§ **Required work**: Start at the line with "下跌趋势06-25 14:00-08-16 13:00,均线120, 65确认关键阻力4处" in the records below, stop at the line with "Wilson celebrating a", and return every line in that span exactly, the two end lines included.

§ **Material shown**:
::::

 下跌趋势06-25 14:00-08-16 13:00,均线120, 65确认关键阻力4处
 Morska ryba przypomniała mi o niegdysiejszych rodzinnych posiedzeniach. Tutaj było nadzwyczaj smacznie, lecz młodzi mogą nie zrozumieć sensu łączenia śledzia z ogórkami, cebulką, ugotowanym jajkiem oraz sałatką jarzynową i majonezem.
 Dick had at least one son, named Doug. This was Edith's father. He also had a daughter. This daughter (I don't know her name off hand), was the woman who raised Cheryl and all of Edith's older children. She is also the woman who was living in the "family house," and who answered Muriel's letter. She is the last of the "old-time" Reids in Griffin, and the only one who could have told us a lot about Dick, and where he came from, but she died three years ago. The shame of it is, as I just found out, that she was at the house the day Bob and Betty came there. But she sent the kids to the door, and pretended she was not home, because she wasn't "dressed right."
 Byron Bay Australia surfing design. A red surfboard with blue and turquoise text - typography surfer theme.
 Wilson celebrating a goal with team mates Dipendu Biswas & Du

::::

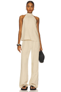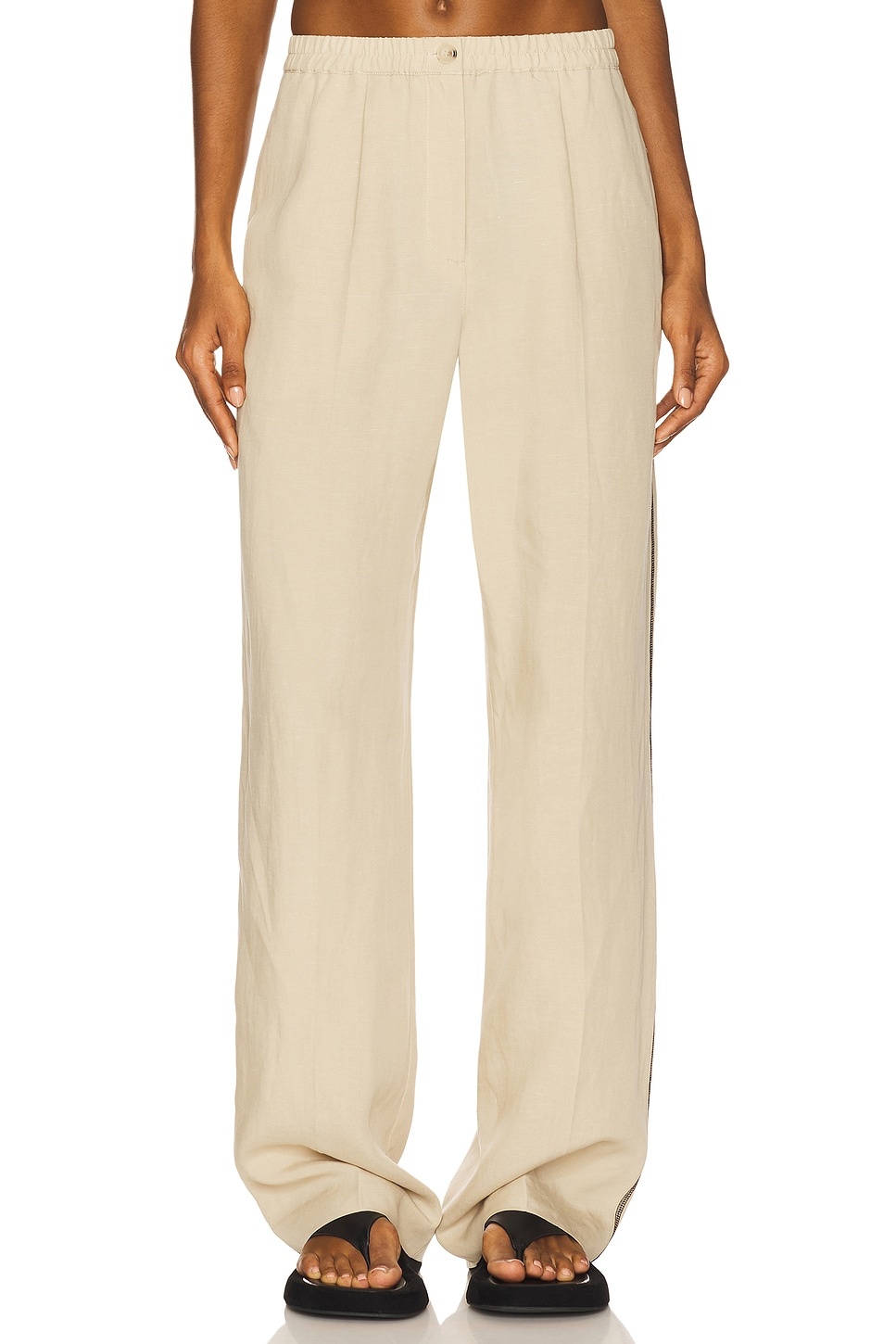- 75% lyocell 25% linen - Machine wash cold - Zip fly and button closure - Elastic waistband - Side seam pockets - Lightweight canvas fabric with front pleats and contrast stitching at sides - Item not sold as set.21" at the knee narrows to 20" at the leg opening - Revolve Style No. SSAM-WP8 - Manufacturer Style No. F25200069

::::

§ **Output**:
 下跌趋势06-25 14:00-08-16 13:00,均线120, 65确认关键阻力4处
 Morska ryba przypomniała mi o niegdysiejszych rodzinnych posiedzeniach. Tutaj było nadzwyczaj smacznie, lecz młodzi mogą nie zrozumieć sensu łączenia śledzia z ogórkami, cebulką, ugotowanym jajkiem oraz sałatką jarzynową i majonezem.
 Dick had at least one son, named Doug. This was Edith's father. He also had a daughter. This daughter (I don't know her name off hand), was the woman who raised Cheryl and all of Edith's older children. She is also the woman who was living in the "family house," and who answered Muriel's letter. She is the last of the "old-time" Reids in Griffin, and the only one who could have told us a lot about Dick, and where he came from, but she died three years ago. The shame of it is, as I just found out, that she was at the house the day Bob and Betty came there. But she sent the kids to the door, and pretended she was not home, because she wasn't "dressed right."
 Byron Bay Australia surfing design. A red surfboard with blue and turquoise text - typography surfer theme.
 Wilson celebrating a goal with team mates Dipendu Biswas & Du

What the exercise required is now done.